L.V Sympathy!! .... or Sympathy for the Devil

Steve bboyminn at yahoo.com
Tue Dec 11 19:20:20 UTC 2007


No: HPFGUIDX 179804

---  "logistis_20" <logistis_20 at ...> wrote:
>
> I see all of you in the times that talk about the dark lord 
> as the most terrible person.
> 
> I do not disagree with you in some point. But I believe that
> all that happened because he was truly trying to be someone.
> 
> He was been raised with no friends. Nobody loved him! And he
> tried to become someone!! So he made the Horcruxes! ... 
> nobody have done this before! He will be written in the books
> of history!!!
> 
> But he could not understand that with that he would not have
> feelings. Feelings come from our soul! That's happened in my 
>opinion.
> 
> Please forgive my English.
> 
> logistis_20
>

bboyminn:

To a limited extent I agree. In the following post I 
touched on 'Sympathy for Voldemort' -

"The Core of the Elder Wand and other new JKR explanations"
http://groups.yahoo.com/group/HPforGrownups/message/179748

Which was a response to someone complaining that the author
did things that made Voldemort sympathetic.

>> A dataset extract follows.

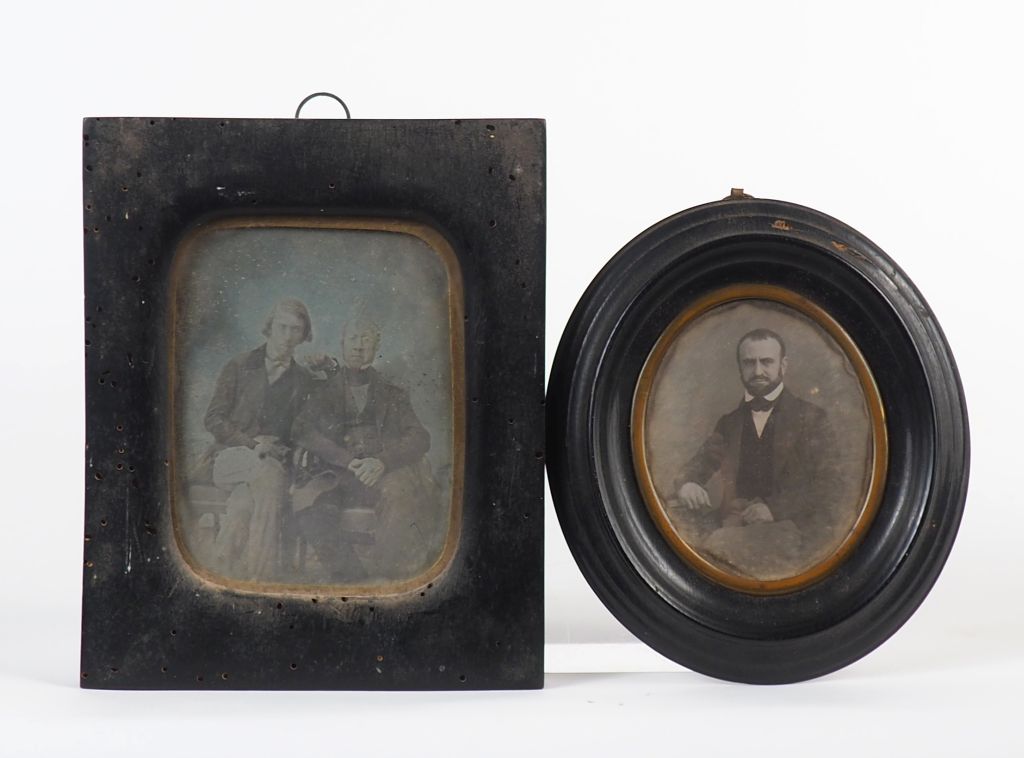 Deux daguerréotypes XIXème, "Portrait Louis Omer Ratel et son fils Stanislas" et "portrait de Paul Durand" daté du 7 octobre 1850. Dim. 10 x 7 cm. Dim. 7,5 x 6 cm.

But I think it is important not to confuse sympathy, 
explanation, and understanding with forgiveness. Just 
because I can explain what motivated a person to commit
a crime, doesn't automatically make that crime excusable.

Actions are a result of choices. I am frequently annoyed
by poor underprivileged people complaining about no one
giving them a change. But they are given many chances and
many resources to improve their lives that they simply don't
take. Education being the best example. 

And many people in the same or worse situations find a way to
work themselves out of poverty. The keyword being 'work'. 

So, while I have sympathy for Voldemort, while there are
explanations for who and what he was, those explanations
do not absolve him of his crimes. They help us understand
and pity him all the more, but he made choices and he
must stand up and face an accounting of the choices he
made. 

Voldemort, with his brilliance and magical talent, could 
have worked his way to a very prominent social, economic,
and political position in the wizard world. He could have 
had wealth, fame, and power. Yet, instead, rather than 
/earn/ wealth, fame, and power, he chose to try and take
it by force, and that choice was the source of his 
destruction.

The same is true of those who try to solve poverty by crime.
Their choices are the seeds of their destruction. 

So, while I understand and sympathize with Voldemort, and
can even find spiritual forgiveness for him in my heart,
I do not have social, legal, or moral forgiveness. He 
made choices and must face the consequences of those 
choices. In his case, an endless chain of bad choices
lead to his untimely death.

I feel sympath for Voldemort because I see how much he
could have been, if only he had made different choices.